Copy nothing but the lines from the one containing "Gnostisch-magisch amulet met" through the last line of the entries below, exactly as written and without pictures.

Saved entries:

..............................

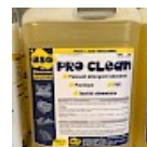
PRO CLEAN Nettoyant Spécial PVC
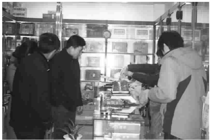
总投资6亿元的江苏白马商城自开业以来,采取多种措施,扩大影响,集聚人气,正逐渐成为城北乃至大市区居民的重要购物场所。图为顾客在周氏茶行争相选购茶叶的场景。

昨天,笔者从区财政局了解到,今年我区获省财政奖补资金569万元,财政奖补项目实施惠及全区9个镇及环保产业园的57个村,实施项目136个,项目总投资概算1388.38万元,其中投入一事一议筹资筹劳建设资金577.35万元,奖补财政资金569万元,其他建设资金242.03万元。 今年我区被省确定为开展村级公益事业建设一事一议财政奖补工作的试点地区。为了更好地发挥财政资金和社会各界参与村内公益事业建设的积极性,我区开展了宣传发动、方案编制、项目实施等工作,这些项目的实施极大地改善了项目实施村公益事业落后的状况,为群众解决了实实在在的困难。 (潘晓东 蔡金柱 马树国) 随着江苏沿海开发正式上升为国家战略和大市区“东向出海”战略部署的加快实施,以及区行政中心的正式启用,亭湖新区肩负着造城和建区的双重任务。该区在加快基础设施建设的同时,积极招引房产、餐饮等服务业项目,逐步完善东区的城市功能。按四星级标准配备设计和装修的精品商务型酒店——东港国际大酒店已投入运营,总投资8亿元的加州东郡南侧房地产项目已摘牌正在办理开工前的手续;年初招引的、投资5000万元的6+1快捷连锁店已正式营业。 (宣江 周强)
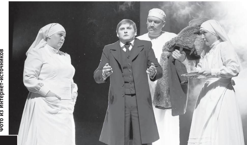
Сцена из спектакля «Врач» по произведениям Михаила Булгакова, премьера состоялась в феврале

«Акция для членов профсоюзов предприятий города! На этой неделе вы сможете приобрести билеты на спектакли театра по сниженной для вас цене. Приобрести билеты можно только в кассе театра, при предъявлении профсоюзного билета, либо попросить председателя своего профсоюза внести себя в списки, которые будут переданы в кассу театра». Так в течение трех дней члены профсоюза могли посмотреть три спектакля – «Потерпевший Гольдинер», «Визит дамы» и «Жареные
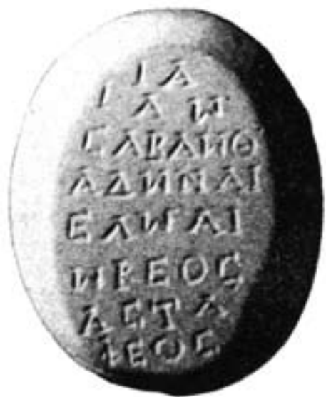
Gnostisch-magisch amulet met de namen van de boze planeetmachten, zie p. 259 en p. 465, aant. 284
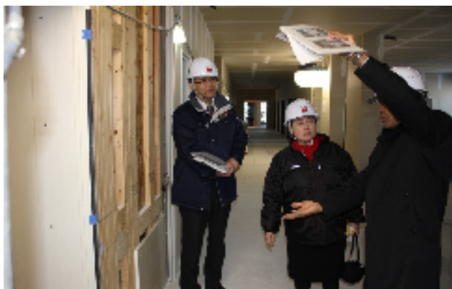
木造5階建特別養護老人ホーム建設現場視察 〔2月26日〕

5月には、日本国憲法が施行されて70年を迎えます。改めて、戦争のこと、平和について学んでいきたいと思えます。
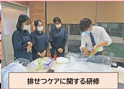
排せつケアに関する研修
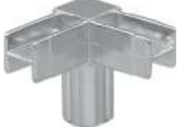
Q.03 - QUADRA Conector com 3 vias Acabamento: CR
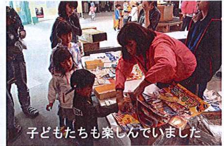
子どもたちも楽しんでいました
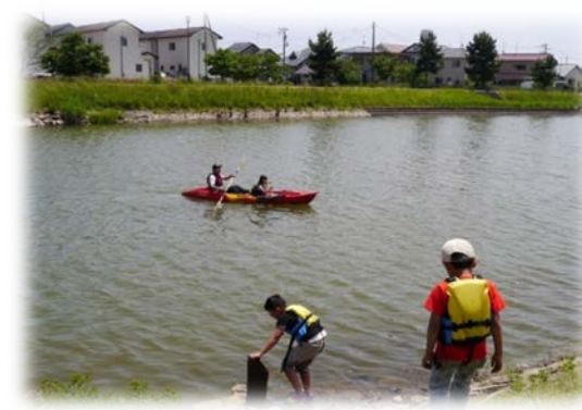
晴天の中でカヌーも親子連れに人気

..............................

TASK RESPONSE:
Gnostisch-magisch amulet met de namen van de boze planeetmachten, zie p. 259 en p. 465, aant. 284
木造5階建特別養護老人ホーム建設現場視察 〔2月26日〕

5月には、日本国憲法が施行されて70年を迎えます。改めて、戦争のこと、平和について学んでいきたいと思えます。
排せつケアに関する研修
Q.03 - QUADRA Conector com 3 vias Acabamento: CR
子どもたちも楽しんでいました
晴天の中でカヌーも親子連れに人気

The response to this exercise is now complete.